### What is needed
Please print the full listing below exactly, but not the pictures in it.

### Given material

────────────────────

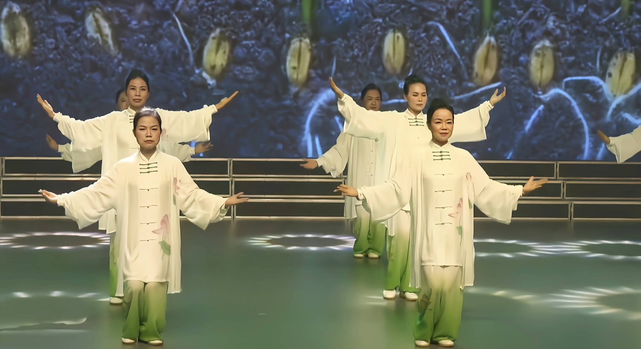 参演的队员虽都年过半百,但他们在舞台上步履沉稳,动作行云流水,气息沉稳内敛,充分展现了长期习练健身气功所带来的身心康健、神采奕奕的良好状态,成为“体育健身与文化艺术融合”的生动典范。
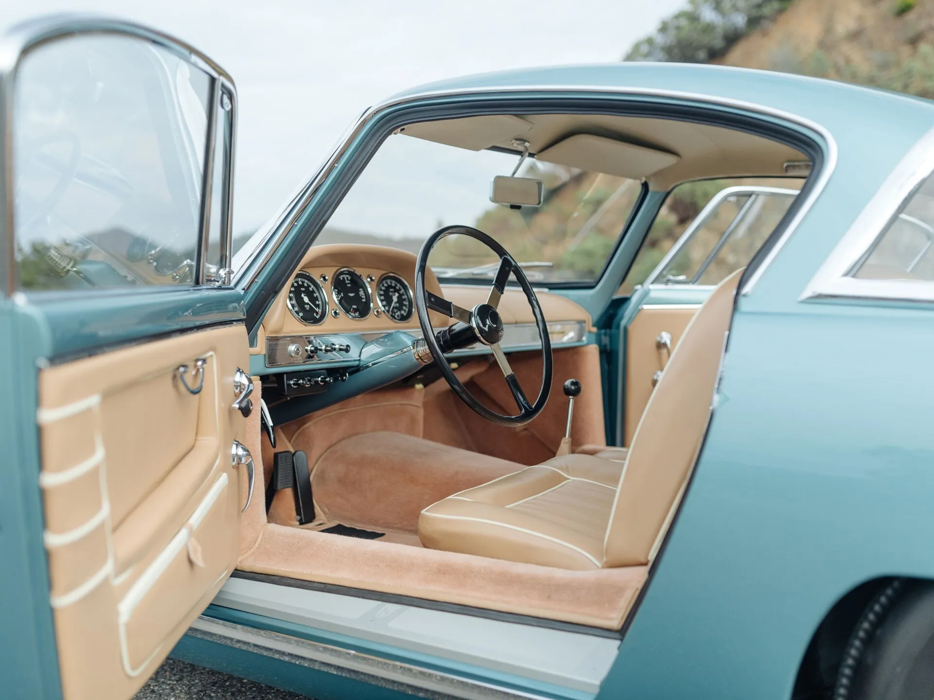 Bertone worked its magic on the interior, too. The simple dashboard has shades of Mercedes 300SL, with prominent gauge pod and a thin metal accent panel running the length of the dash that's punctuated by a handful of switches and an Aston Martin badge. In contrast to the body color bits on the dash and doors, the seats and door panels are covered in lovely beige leather with cream accents, and all of the carpeting is matching beige. This is strictly a two-seater, with a parcel shelf behind the front seats.
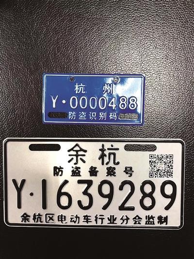 图二:防盗备案登记号牌。蓝色牌是近期在派出所备案登记后核发的,白色牌是由电动自行车协会余杭分会备案登记。
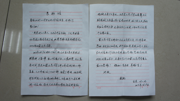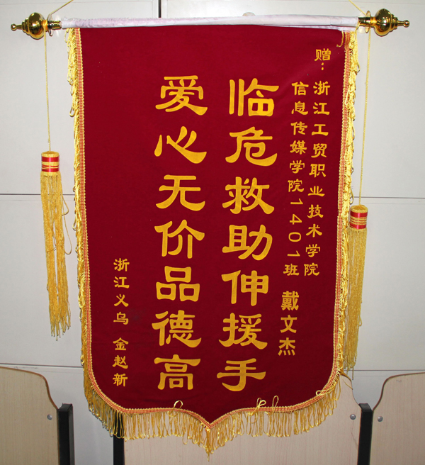 我是浙江义乌人,丈夫名叫金赵新,今天我怀着万分感激之情给贵校写信,诚挚感谢信息传媒学院1401班的戴文杰同学。

────────────────────

### Solution for this task
 参演的队员虽都年过半百,但他们在舞台上步履沉稳,动作行云流水,气息沉稳内敛,充分展现了长期习练健身气功所带来的身心康健、神采奕奕的良好状态,成为“体育健身与文化艺术融合”的生动典范。
 Bertone worked its magic on the interior, too. The simple dashboard has shades of Mercedes 300SL, with prominent gauge pod and a thin metal accent panel running the length of the dash that's punctuated by a handful of switches and an Aston Martin badge. In contrast to the body color bits on the dash and doors, the seats and door panels are covered in lovely beige leather with cream accents, and all of the carpeting is matching beige. This is strictly a two-seater, with a parcel shelf behind the front seats.
 图二:防盗备案登记号牌。蓝色牌是近期在派出所备案登记后核发的,白色牌是由电动自行车协会余杭分会备案登记。
 我是浙江义乌人,丈夫名叫金赵新,今天我怀着万分感激之情给贵校写信,诚挚感谢信息传媒学院1401班的戴文杰同学。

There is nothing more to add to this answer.